Instructions for the task: Each line below from the line with "モノクロ写真にカラーロゴを効かせたフォトプリントTシャツが遊び心たっぷり。" to the line with "(discounted due to" must be copied exactly, including those two, and no picture may appear in the copy.

Records supplied:
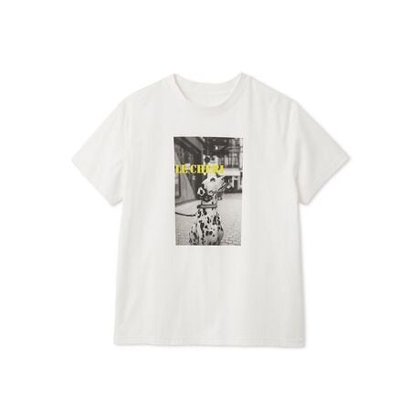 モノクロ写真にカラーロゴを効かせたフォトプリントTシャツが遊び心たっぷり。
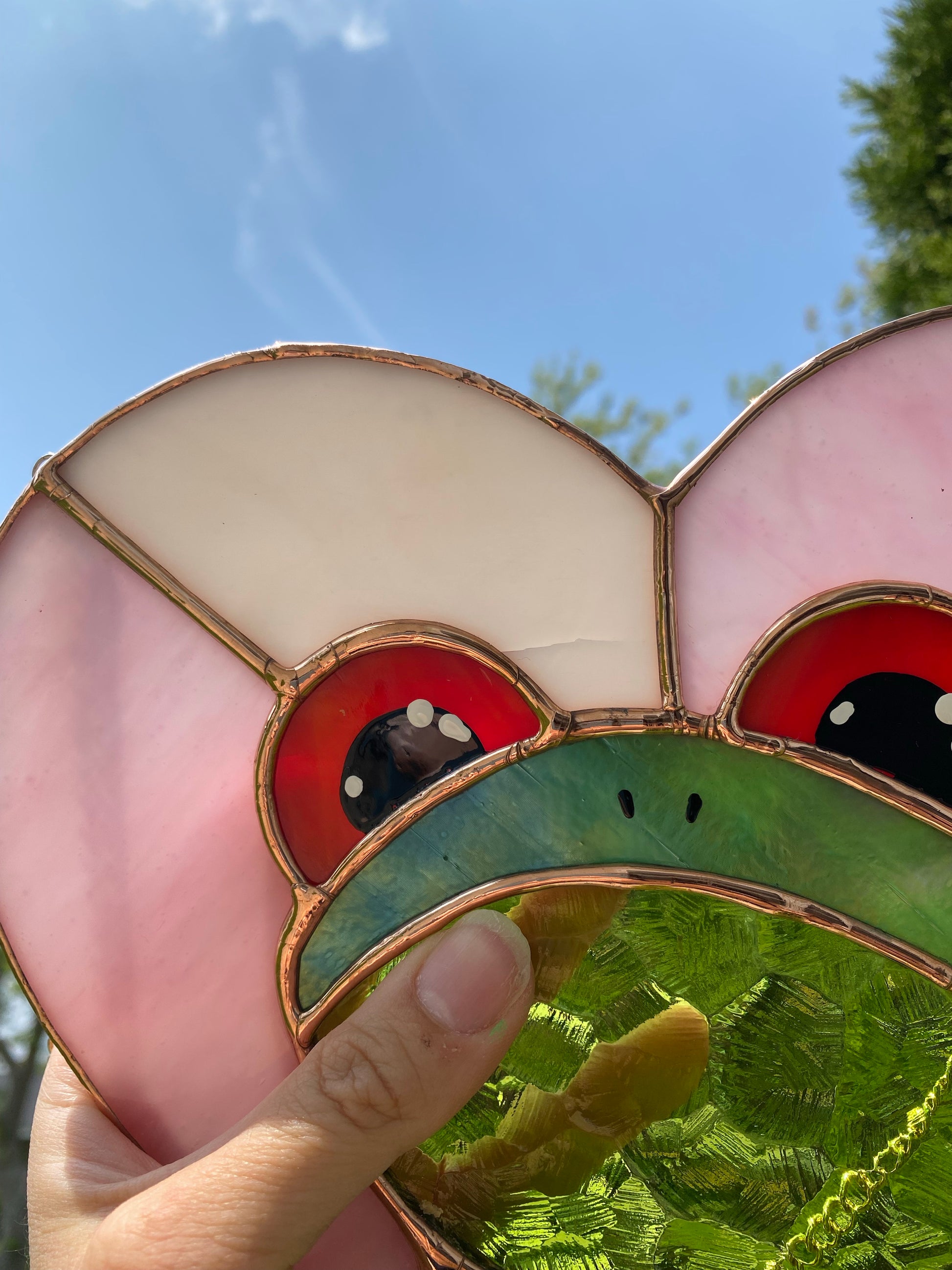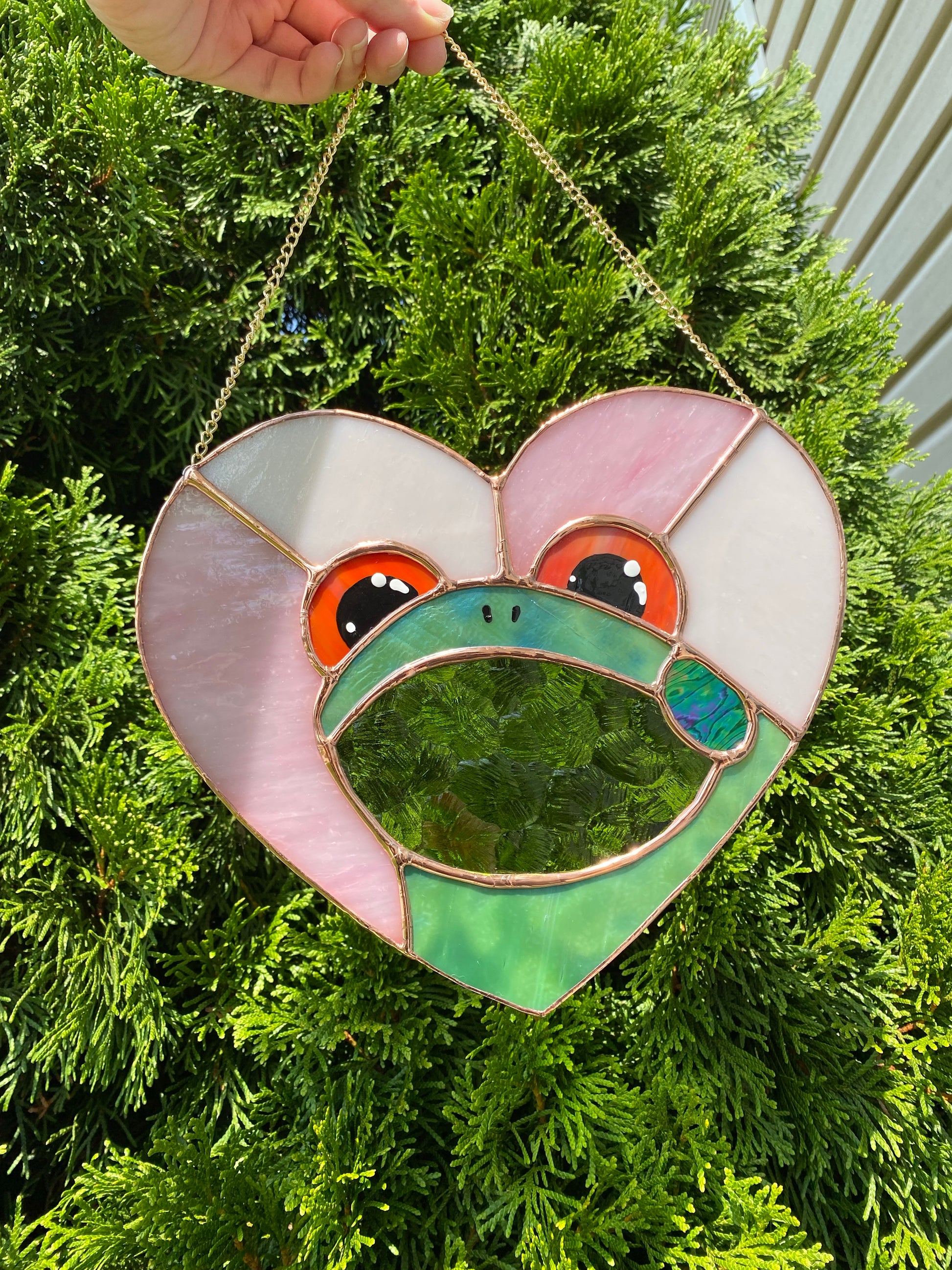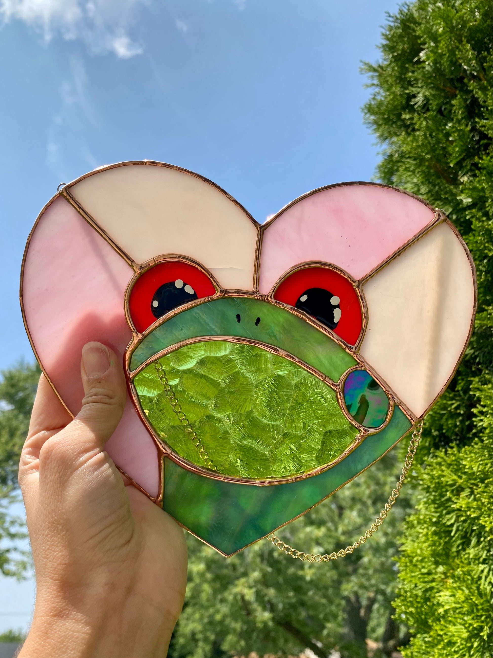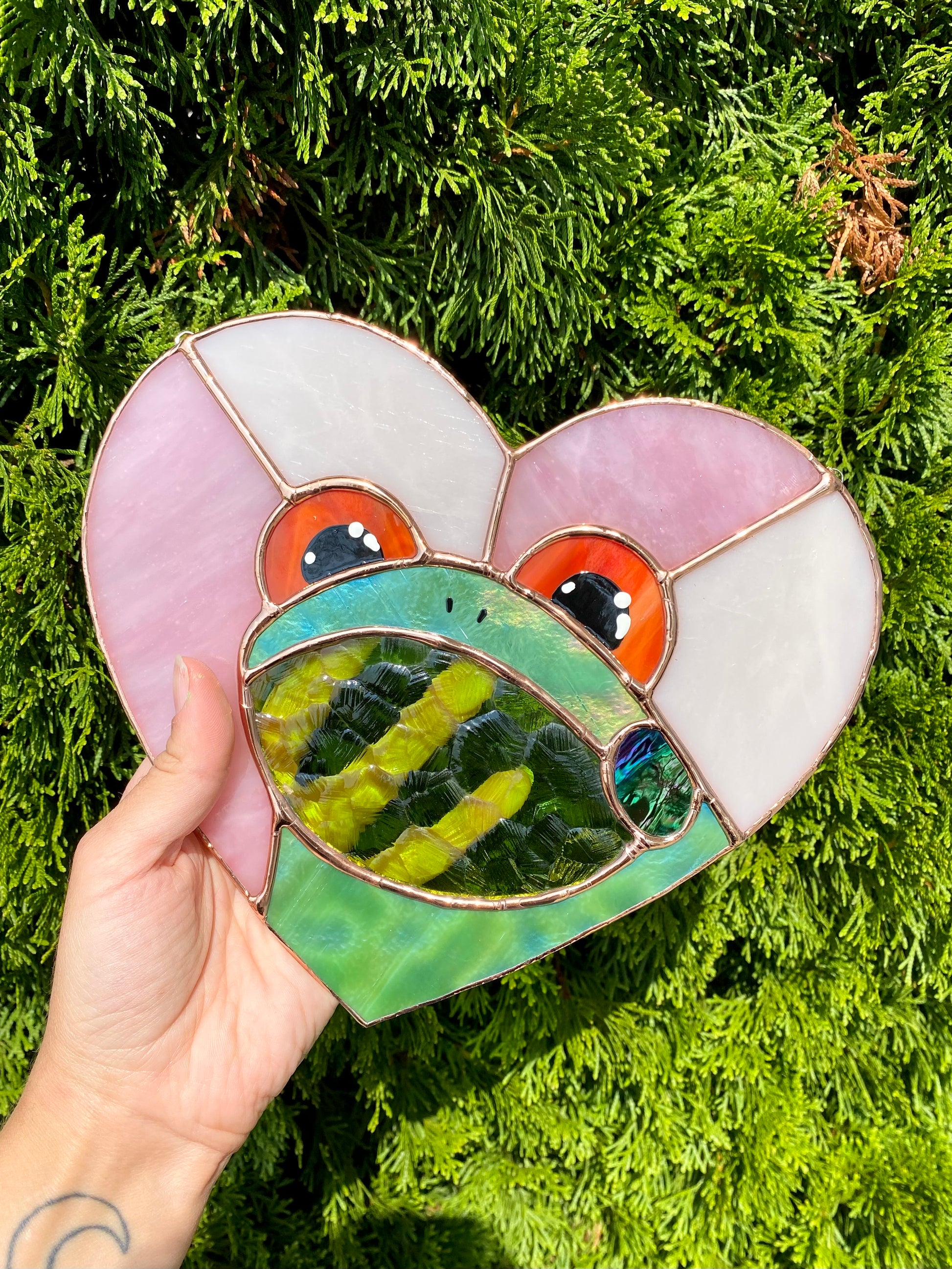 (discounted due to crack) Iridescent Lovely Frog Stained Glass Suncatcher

...

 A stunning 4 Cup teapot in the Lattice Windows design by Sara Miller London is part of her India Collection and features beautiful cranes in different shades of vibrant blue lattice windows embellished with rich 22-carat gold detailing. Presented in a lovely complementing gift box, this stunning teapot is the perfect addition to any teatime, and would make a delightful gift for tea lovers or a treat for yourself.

---

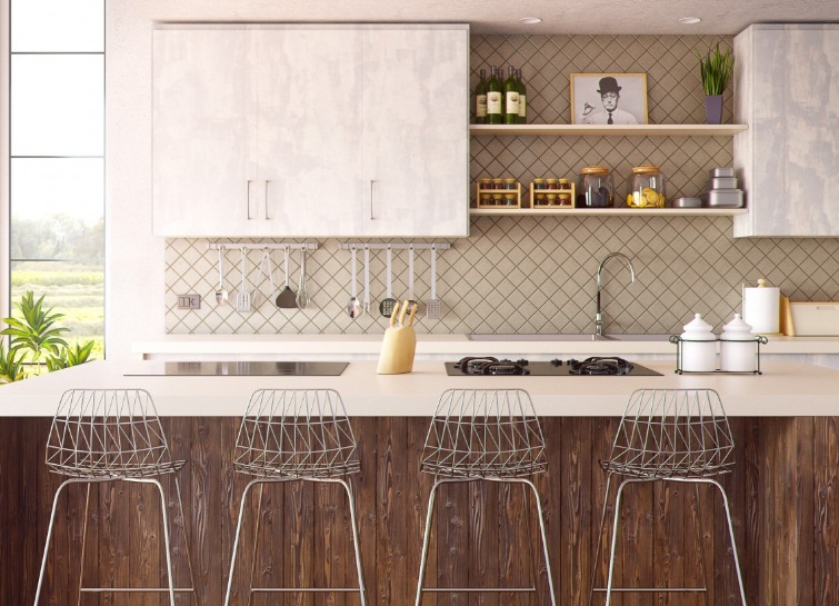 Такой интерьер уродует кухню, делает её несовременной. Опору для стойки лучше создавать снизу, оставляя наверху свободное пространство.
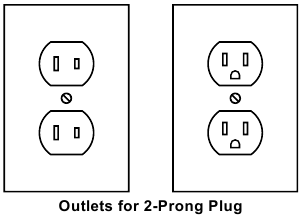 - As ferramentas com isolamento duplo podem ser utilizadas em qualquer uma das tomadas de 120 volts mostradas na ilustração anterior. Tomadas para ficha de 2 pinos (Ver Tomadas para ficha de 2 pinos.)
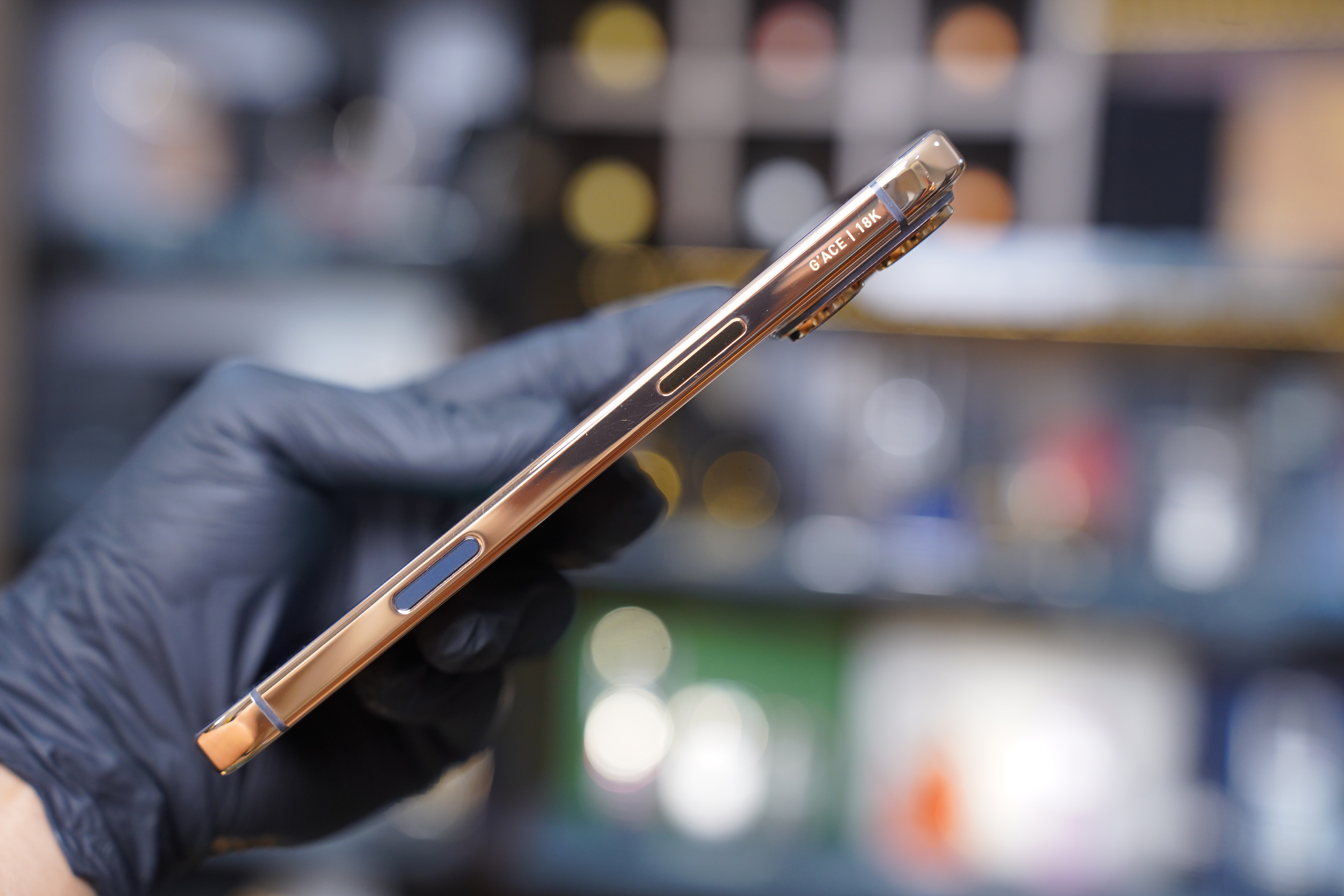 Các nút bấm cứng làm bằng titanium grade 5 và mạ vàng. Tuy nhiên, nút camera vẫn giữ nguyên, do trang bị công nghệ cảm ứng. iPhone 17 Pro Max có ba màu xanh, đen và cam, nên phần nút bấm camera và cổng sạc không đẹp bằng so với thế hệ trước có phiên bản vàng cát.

Answer to this task:
 モノクロ写真にカラーロゴを効かせたフォトプリントTシャツが遊び心たっぷり。
 (discounted due to crack) Iridescent Lovely Frog Stained Glass Suncatcher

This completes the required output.